(INPUT DATA):
####################

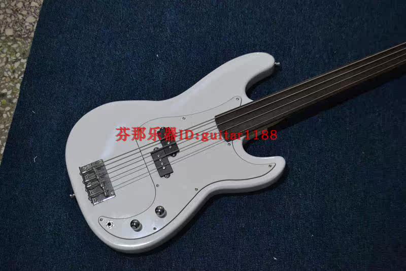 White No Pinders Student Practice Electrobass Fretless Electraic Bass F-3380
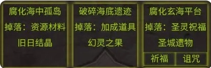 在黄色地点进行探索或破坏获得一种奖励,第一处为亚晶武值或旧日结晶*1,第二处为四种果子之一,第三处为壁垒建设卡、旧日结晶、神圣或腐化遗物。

####################

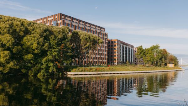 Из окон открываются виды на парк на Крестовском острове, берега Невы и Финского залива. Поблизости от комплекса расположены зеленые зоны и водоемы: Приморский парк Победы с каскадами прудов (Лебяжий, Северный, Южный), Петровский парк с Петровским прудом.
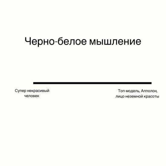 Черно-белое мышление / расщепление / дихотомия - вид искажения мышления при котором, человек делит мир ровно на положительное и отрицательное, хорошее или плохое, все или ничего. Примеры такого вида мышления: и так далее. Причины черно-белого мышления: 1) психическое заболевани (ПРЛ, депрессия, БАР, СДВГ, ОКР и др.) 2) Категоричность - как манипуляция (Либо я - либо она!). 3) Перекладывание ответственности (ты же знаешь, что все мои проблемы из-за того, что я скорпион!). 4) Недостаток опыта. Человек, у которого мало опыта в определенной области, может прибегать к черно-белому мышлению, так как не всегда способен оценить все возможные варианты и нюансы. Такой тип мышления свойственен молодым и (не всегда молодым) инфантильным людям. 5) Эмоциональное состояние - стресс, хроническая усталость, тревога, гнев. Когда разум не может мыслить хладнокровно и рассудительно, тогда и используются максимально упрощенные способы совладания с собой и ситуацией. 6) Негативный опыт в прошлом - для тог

####################

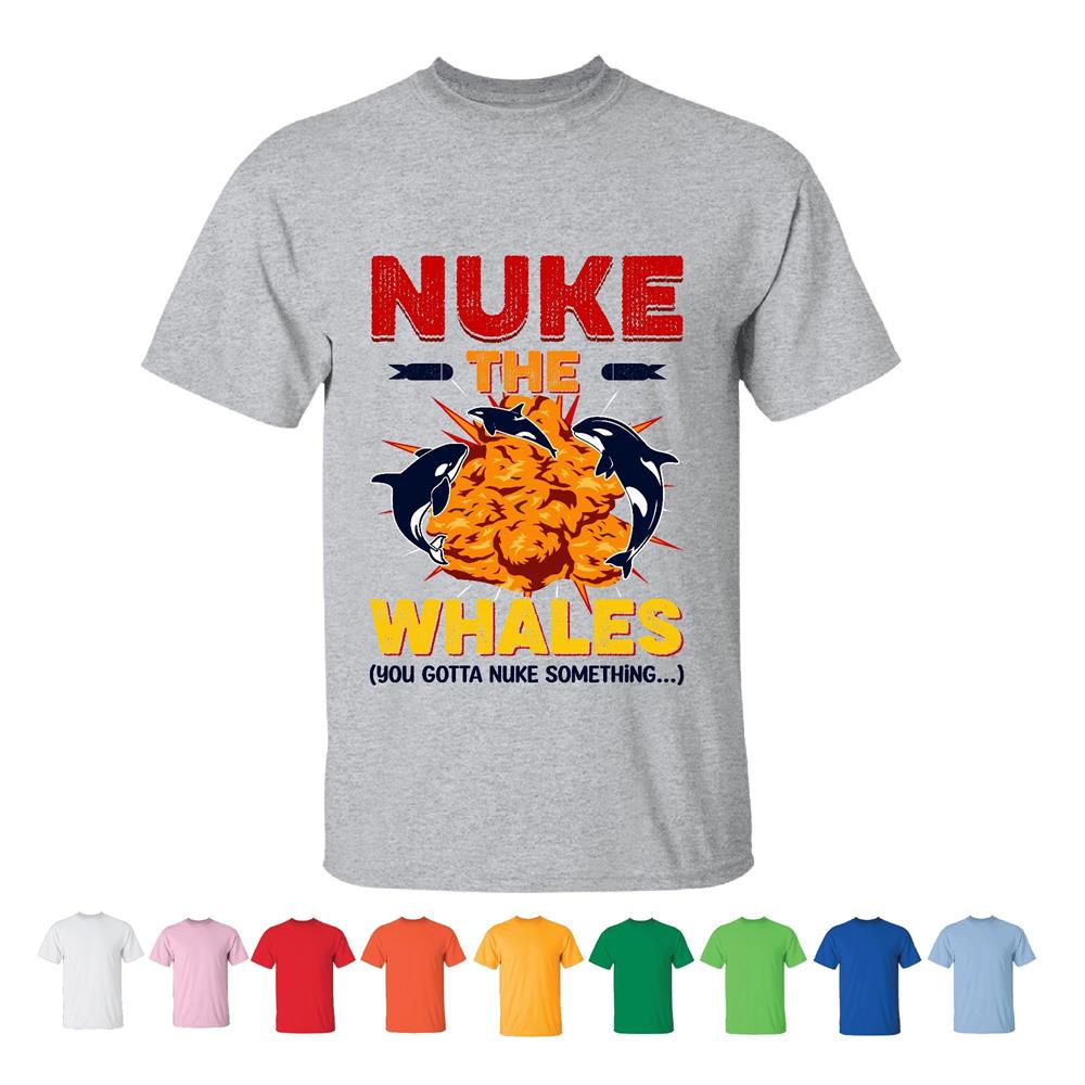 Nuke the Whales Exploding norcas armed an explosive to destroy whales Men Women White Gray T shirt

####################

(ASSIGNED TASK):
Repeat exactly the lines above, beginning at the one containing "White No Pinders" and ending at the one containing "在黄色地点进行探索或破坏获得". Do not carry over any pictures.

(WRITTEN ANSWER):
 White No Pinders Student Practice Electrobass Fretless Electraic Bass F-3380
 在黄色地点进行探索或破坏获得一种奖励,第一处为亚晶武值或旧日结晶*1,第二处为四种果子之一,第三处为壁垒建设卡、旧日结晶、神圣或腐化遗物。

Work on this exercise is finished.